Quantencomputer der Firma IBM
Ein Quantencomputer der Firma IBM aus dem Jahr 2020.
IMAGO/Pond5

Die Geschichte wiederholt sich. 2019 ließ Google mit der Nachricht aufhorchen, erstmals einen Quantencomputer realisiert zu haben, dessen Leistungsfähigkeit bei einer bestimmten Problemstellung der jedes konventionellen Rechners überlegen ist. Nach einer chinesischen Gruppe im Jahr 2020 verkündete im Juni 2023 auch IBM einen Durchbruch. Obwohl es sich um Konzepte handelte, die für spezielle Probleme optimiert sind und nicht mit einem flexibel einsetzbaren, konventionellen Computer vergleichbar waren, sorgten die Ergebnisse zu Recht für Aufsehen. "Kein klassischer Computer hat genug Speicher, um die Möglichkeiten zu erfassen, die von den 127 Qubits berechnet werden", behauptete das IBM-Team nach dem erfolgreichen Experiment stolz. Qubits sind für Quantencomputer das, was Bits für konventionelle Computer sind, und sie stellen ein Maß für die Rechenleistung dar. Nachdem öffentlich finanzierte Quantenforschung, insbesondere in Österreich, jahrzehntelang das Feld dominiert hatte, begannen nun also auch große IT-Riesen, Duftmarken zu setzen, und schienen erstmals die vielgesuchte Quantenüberlegenheit erreicht zu haben.

Was ist mit dieser Überlegenheit eigentlich genau gemeint? Quantencomputer sollen schneller sein, als es ein konventioneller Computer je sein könnte. Salopp gesprochen liegt das daran, dass in der Quantenwelt viel mehr Vorgänge parallel ablaufen als in der Welt unseres Alltags. Statt sich den Kopf über die philosophischen Implikationen zu zerbrechen, kann man diesen riesigen Möglichkeitsraum für Rechnungen verwenden.
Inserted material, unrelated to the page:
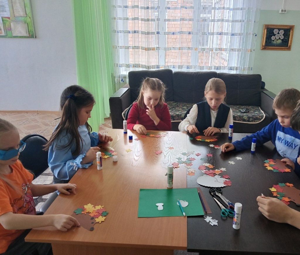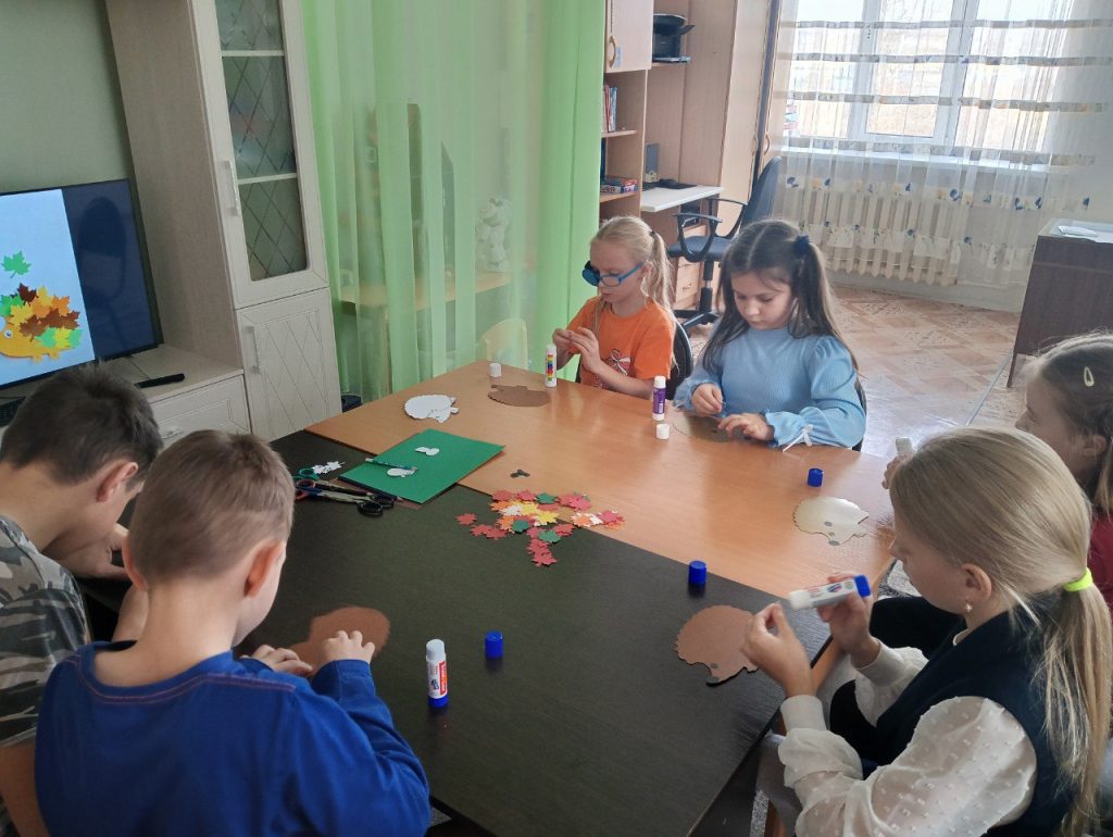 На занятии ребята создавали забавных ежиков из кленовых листьев на цветном картоне!

Die Auswirkungen wären nicht nur theoretischer Natur: Überlegene Quantencomputer wären einsetzbar, um heute als sicher geltende Codes zu knacken. Zwar gibt es inzwischen "quantensichere" Verschlüsselung, und die die damit betraute Forschungsgemeinde bereitet sich längst auf den Umstieg vor, sodass künftige Kommunikation sicher sein wird, doch Unmengen an verschlüsselten Nachrichten aus der Vergangenheit sind weltweit auf privaten und öffentlichen Servern gespeichert und wären plötzlich lesbar.
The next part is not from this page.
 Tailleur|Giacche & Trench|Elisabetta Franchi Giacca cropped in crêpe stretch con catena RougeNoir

US-Präsident Joe Biden mit einem IBM-Quantencomputer
US-Präsident Joe Biden nimmt 2022 einen IBM-Quantencomputer in Augenschein.
AP

Kurzlebige Sensationen

Doch inzwischen scheint es, als könnte es bis dahin noch länger dauern. Sowohl die Behauptung Googles als auch jene von IBM hielt der Überprüfung nicht stand. Beide Male gelang es Forschungsgruppen mit konventionellen Computern, die Quantencomputer zu übertrumpfen. Im Fall von IBM dauerte es nur zwölf Tage, bis ein gewöhnlicher Computer genau das leistete, was angeblich unmöglich war. Forschende vom Center for Computational Quantum Physics des Flatiron Institute in New York berichteten im Fachjournal "Nature" von einer "genauen, speicher- und zeiteffizienten klassischen Simulation", die genau das leistete, was auch der IBM-Quantencomputer konnte. Offenbar waren die Überlegenheitsversprechen der Quantengemeinschaft überzogen. Für die Quantenforschung ist das ein Problem, schließlich ist diese Überlegenheit ein wichtiger Antrieb für die Forschungen an dem Konzept.
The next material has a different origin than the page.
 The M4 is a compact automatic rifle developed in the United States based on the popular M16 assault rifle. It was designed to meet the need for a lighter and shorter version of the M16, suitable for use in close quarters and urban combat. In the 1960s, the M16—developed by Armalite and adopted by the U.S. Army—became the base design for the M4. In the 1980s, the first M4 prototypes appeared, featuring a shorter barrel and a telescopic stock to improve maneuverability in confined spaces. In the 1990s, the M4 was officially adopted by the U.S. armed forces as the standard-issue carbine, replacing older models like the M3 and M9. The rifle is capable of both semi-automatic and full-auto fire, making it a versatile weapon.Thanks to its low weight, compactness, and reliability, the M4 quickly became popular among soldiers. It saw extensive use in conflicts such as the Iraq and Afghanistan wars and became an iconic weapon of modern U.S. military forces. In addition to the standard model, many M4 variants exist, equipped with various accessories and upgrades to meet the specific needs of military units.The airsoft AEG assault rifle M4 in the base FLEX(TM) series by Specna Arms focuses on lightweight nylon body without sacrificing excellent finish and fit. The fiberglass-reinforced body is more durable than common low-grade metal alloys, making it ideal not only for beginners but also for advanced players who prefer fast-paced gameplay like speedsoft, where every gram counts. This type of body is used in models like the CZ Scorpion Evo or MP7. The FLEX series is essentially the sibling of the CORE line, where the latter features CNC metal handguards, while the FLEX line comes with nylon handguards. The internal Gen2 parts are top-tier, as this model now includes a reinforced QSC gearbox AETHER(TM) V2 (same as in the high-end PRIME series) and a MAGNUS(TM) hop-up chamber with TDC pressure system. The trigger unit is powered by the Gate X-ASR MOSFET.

Der in der Quantencomputerforschung aktive Physiker Martin Ringbauer von der Universität Innsbruck gibt zu, dass die Optik schief ist, stellt aber ein grundsätzliches Problem in Abrede. "Wir befinden uns noch relativ am Anfang der Entwicklung", sagt Ringbauer. Derzeit bewege man sich im Bereich von etwa 100 Qubits, also 100 fundamentalen Recheneinheiten. Damit können auf Quantencomputern Quintillionen Zustände dargestellt werden (eine Zahl mit 30 Nullen). "Für einen klassischen Computer ist das zu viel", sagt Ringbauer. Zumindest, wenn man versucht, es einfach in den Speicher zu schreiben. Oft sei dieser direkte Zugang aber zum Lösen eines Problems gar nicht nötig. "Das hängt sehr von der Anwendung ab", betont der Quantenforscher. Oft ließe sich die Komplexität reduzieren.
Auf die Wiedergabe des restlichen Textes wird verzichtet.